For families arriving at an Operation School Bell event, some of them anxious and uncertain, Coral is usually the first face they see — and the first comforting Spanish-speaking voice they hear.

She helps families, who are preselected by the Beaverton and Hillsboro school districts, with a small amount of paperwork and, when time allows, takes some of the children into the small warehouse to choose their own clothes. After the selections, parents give input on the sizes and receive a credit to pick out shoes at Payless ShoeSource.

“We don’t really know what she says in Spanish to them,” Shinn acknowledges, “but it works.”

“Coral brings joy to those who are fortunate enough to spend time with her,” says Polly Livingston, another volunteer.

Coral says her volunteer work with the Assistance League has helped her blossom in school.

“I used to be this shy girl” who didn’t raise her hand in class, she says. “This has helped me come out of that.”

In fact, she was one of three Aloha students selected for a scholarship by the Close Up Foundation to spend a week in Washington, D.C., where among other things she toured the Smithsonian Institution and met with Oregon Sen.

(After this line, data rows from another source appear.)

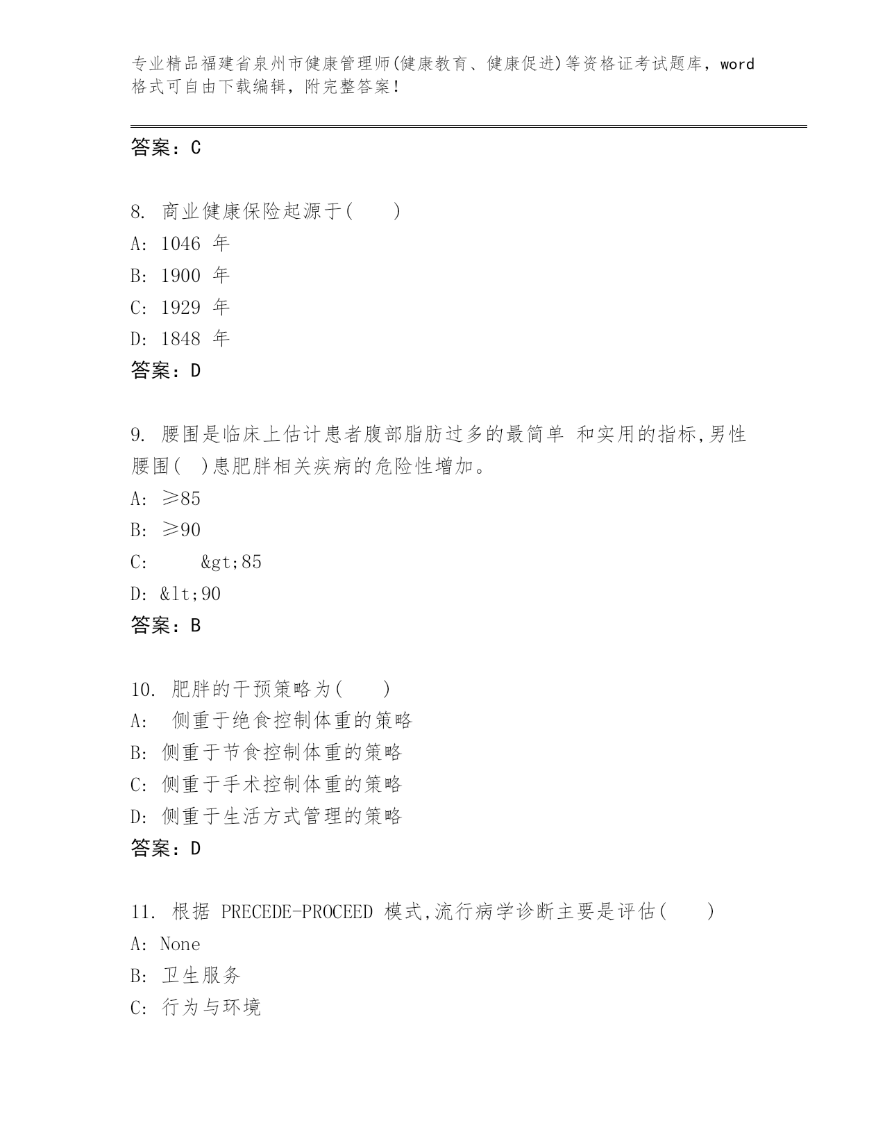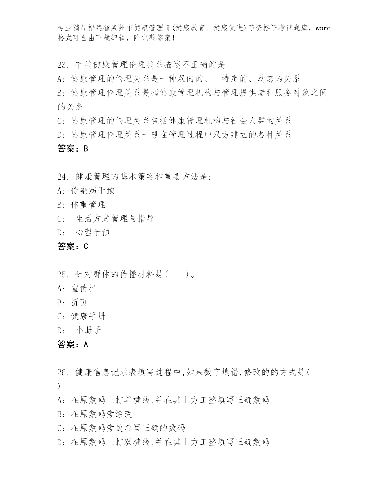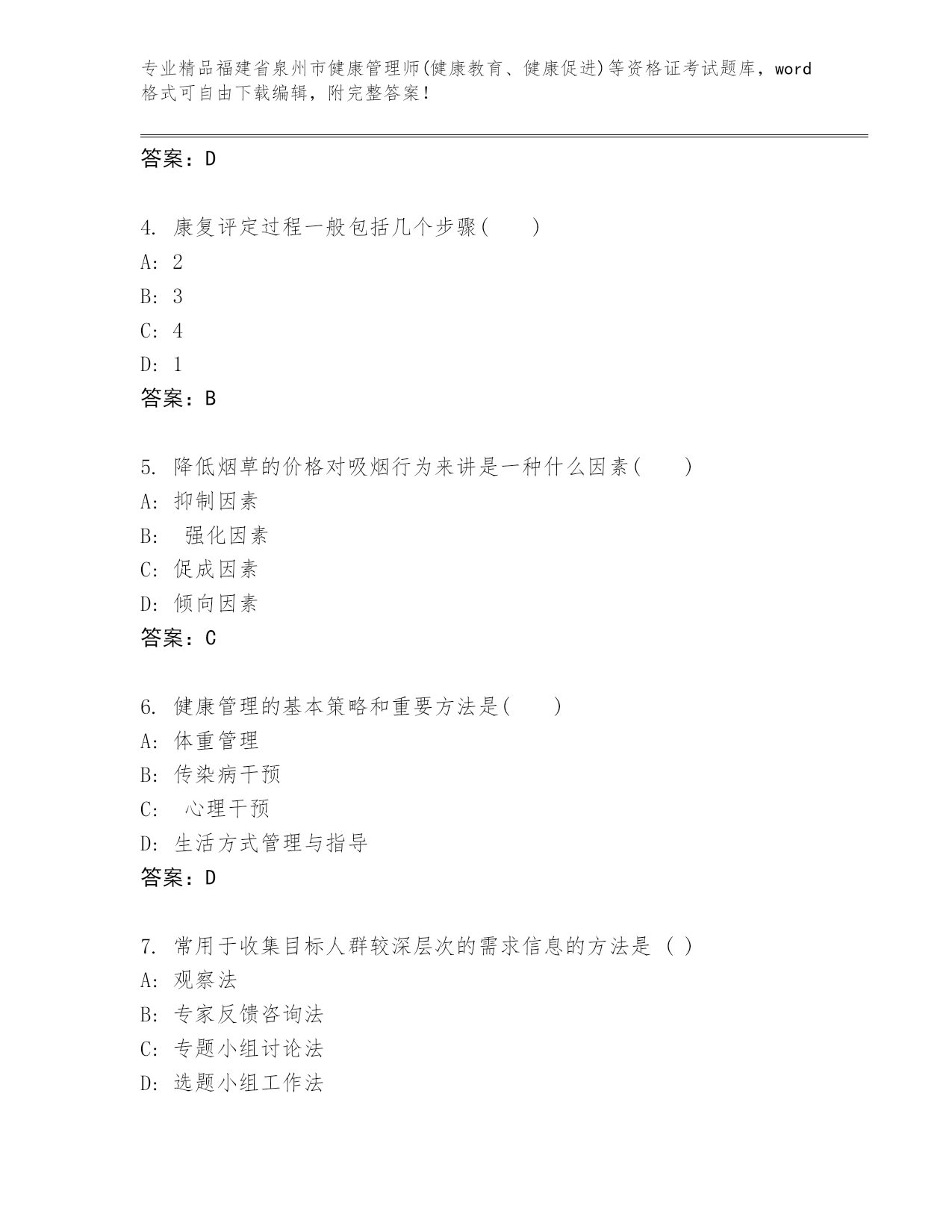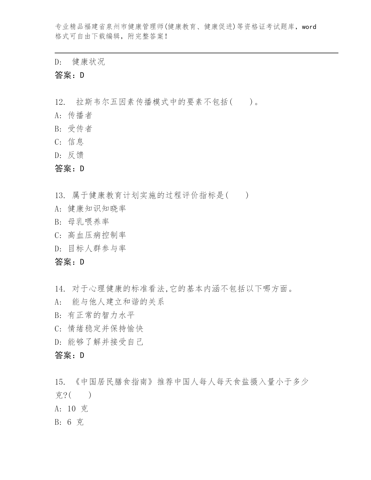 精品福建省泉州市健康管理师(健康教育、健康促进)等资格证考试通用题库【精选题】
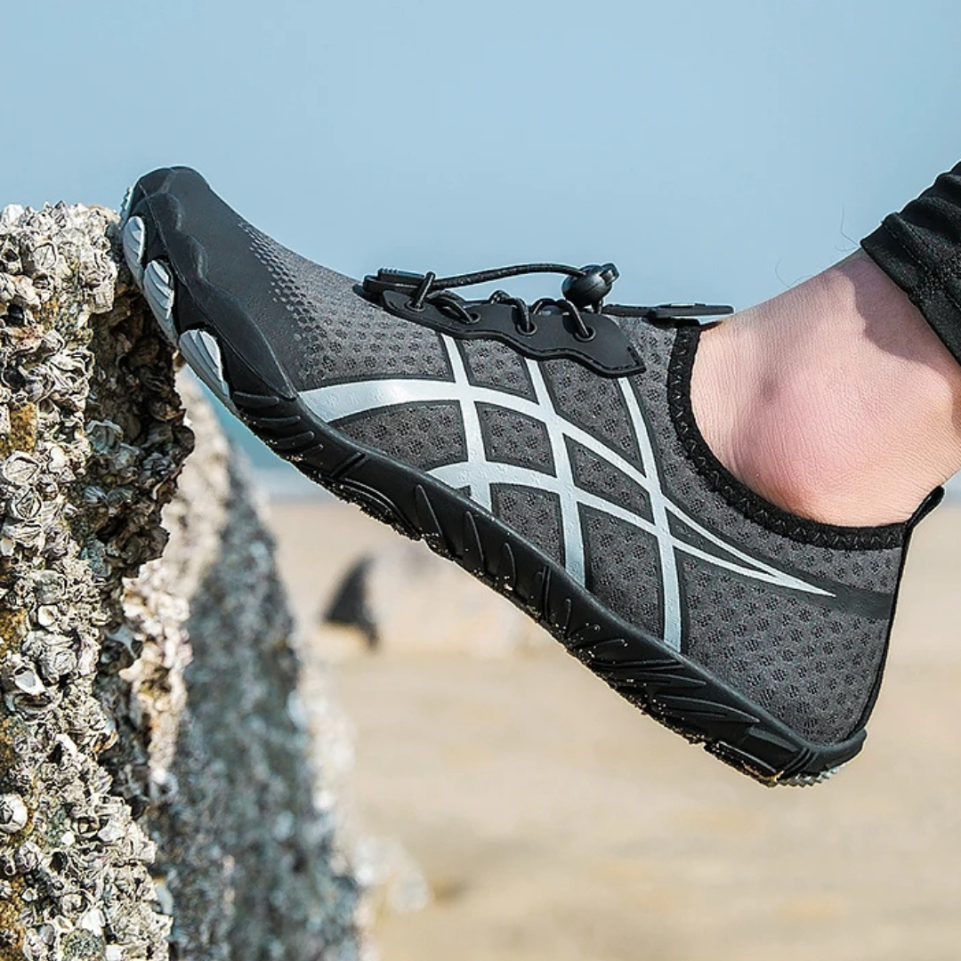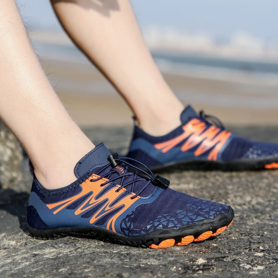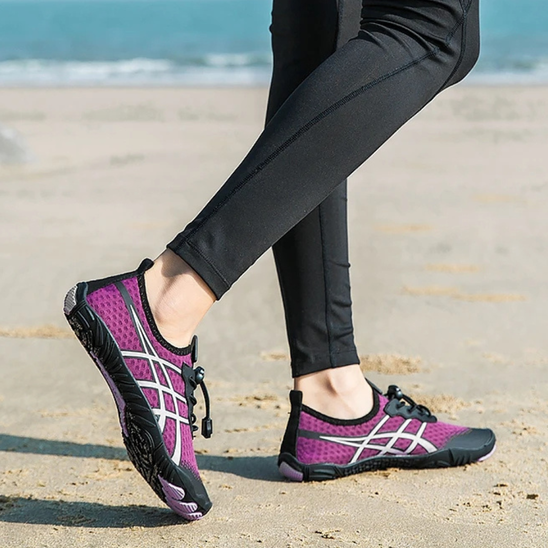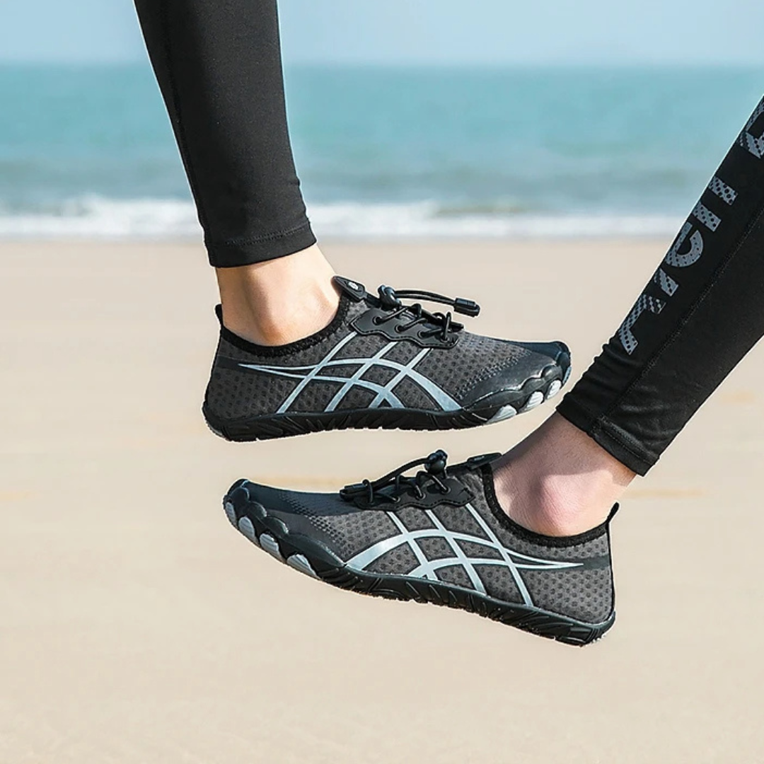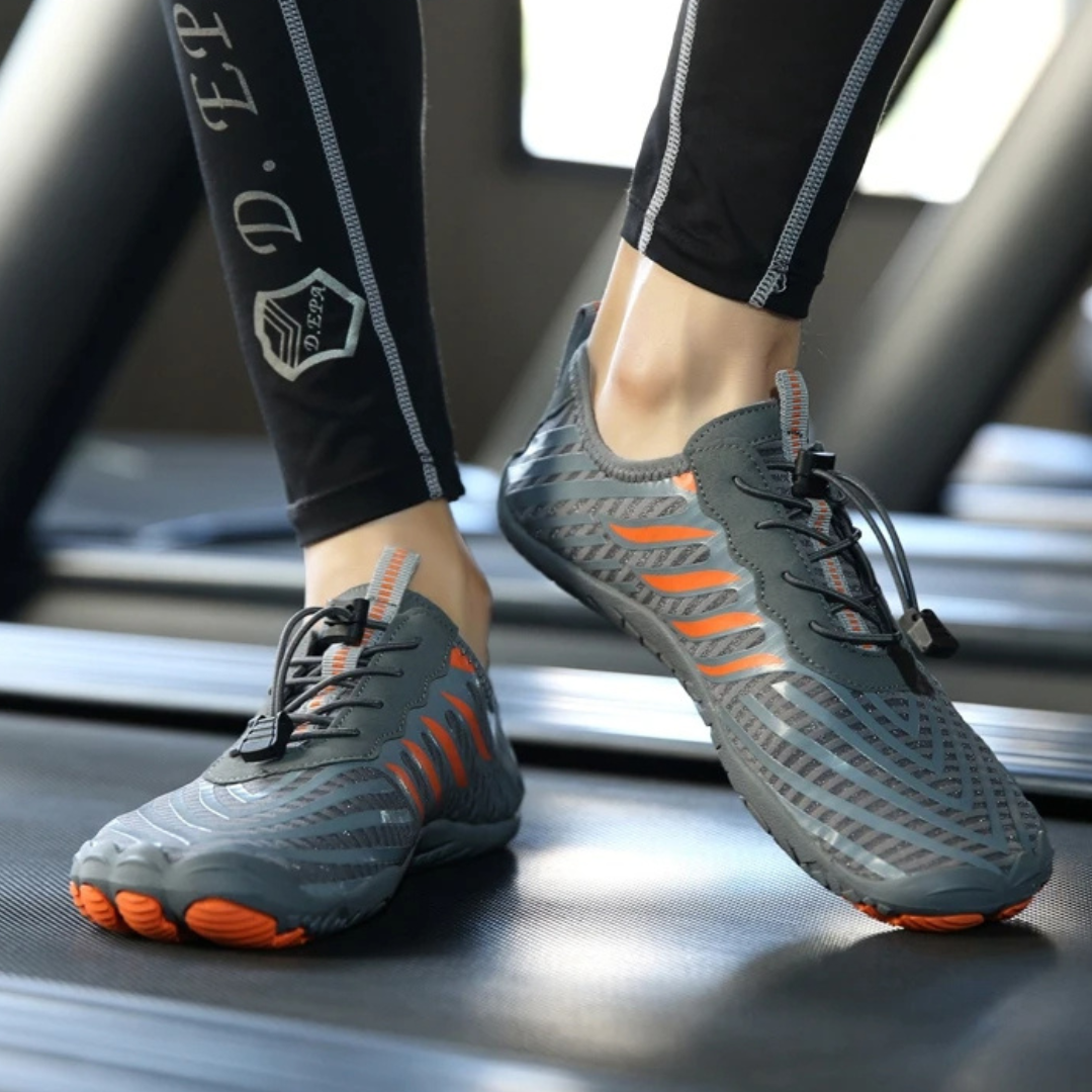 Elevate your athletic performance with these Unisex Cross-Trainer Barefoot Minimalist Shoes. Designed with a zero drop sole and wide toe box, these shoes promote natural movement and comfort. Ideal for a variety of activities including swimming, beach outings, surfing, and cross-training, these shoes feature a breathable stretch fabric upper and a durable rubber outsole. The elastic band closure ensures a secure fit, making them perfect for both men and women. Experience the ultimate in flexibility and support with these versatile water shoes.
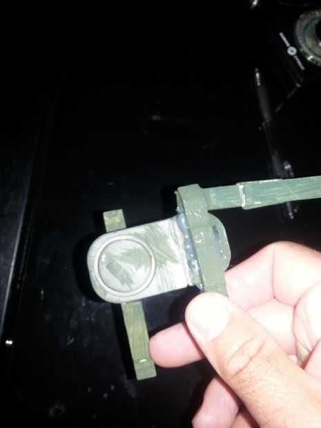 Después de que el pegamento secó pinté la alarma. Para la línea he usado sedal regular. La alarma en el suelo con las patas de la ropa y atar la línea al imán. Ocultarlo y atar la línea del imán a otra cosa como un árbol y cada vez que se tira la línea tira el imán y la alarma se apaga.
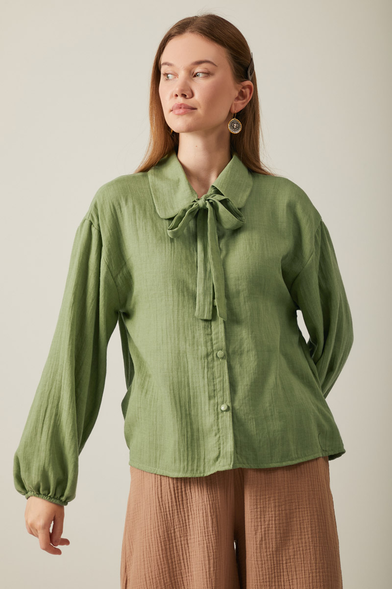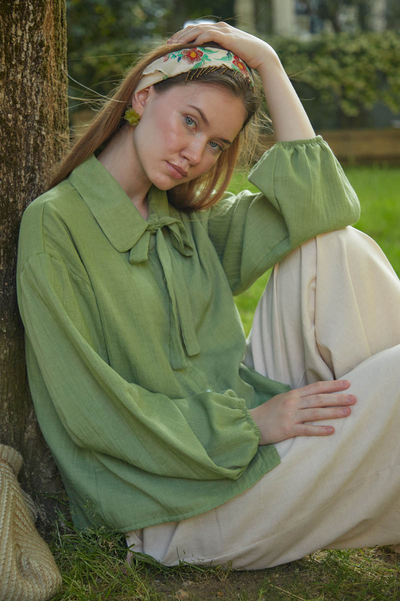 Bağlamalı Vual Gömlek Soft Yeşil, Modern ve rahatlığı bir arada arayanlar için özel olarak tasarlanan gömlek kaliteli İtalyan pamuğunun hafif ve nefes alabilen yapısıyla öne çıkıyor. Vual dokusu sayesinde teninizde ipeksi bir his bırakırken, hava akışını sağlayarak sıcak günlerde bile ferah kalmanızı garanti eder.
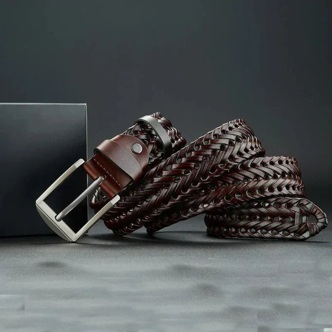 Herr Flätad Utformning och Polerat Spänne Bälte
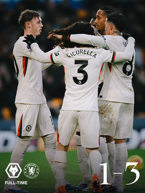 北京时间2月7日23:00,英超联赛第25轮,狼队在主场莫里纽克斯球场迎战切尔西。上半场若昂·佩德罗两次造点,帕尔默点射双响,随后帕尔默接库库雷利亚助攻再下一城,切尔西暂3-0狼队。易边再战,阿洛科达尔扳回一球,安德烈·桑托斯伤退,最终切尔西3-1战胜狼队,联赛四连胜,距前四1分,狼队继续垫底。
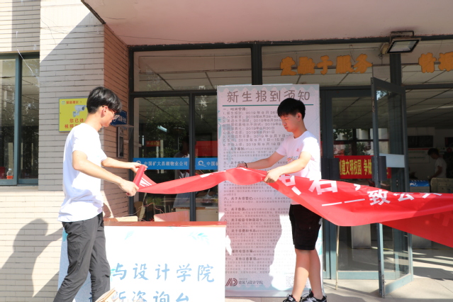 上午9时,迎新工作人员在桃苑四号楼大厅集合,在分配了具体的任务后大家立刻有条不紊地行动起来。同学们将迎新所需物品清点完毕后搬运至宿舍楼一楼大厅进行布置。工作人员们虽汗流浃背,但仍不辞辛苦,认真工作,崔旭辉同学说:“为了给学弟学妹们提供便利,这些工作都是值得的。”经过大家认真细致地准备,学院在迎新点分别设立了学生登记处、家长休息区、新生咨询台,同时还筹备了生涯体验活动、拍摄全家福等富有创意的特色迎新活动,充分展现了学院师生良好的精神风貌。新生从报到登记到入住宿舍的过程,时刻体现着设计学院服务育人的热情。下午4点,校领导一行视察迎新点布置情况,亲切慰问值班人员,询问指导迎新工作,并在迎新点合影留念。

Jeff Merkley. She won another scholarship to spend time on the Oregon State University campus to experience college life.

The eldest of six children as young as 4, Coral plans to be the first one in her immediate family to attend college after she graduates from Aloha next year. She also works a part-time job at Fred Meyer.

At this stage, she plans to start her college career at Linn-Benton Community College, where among her classes she plans to continue studying automotive technology, which she started as one of a handful of girls in Aloha High’s program.

But then she plans to transfer to a four-year college, where she expects to major in criminal justice on her way to becoming a police detective or FBI agent.

“My mom wanted me to be a lawyer,” she says.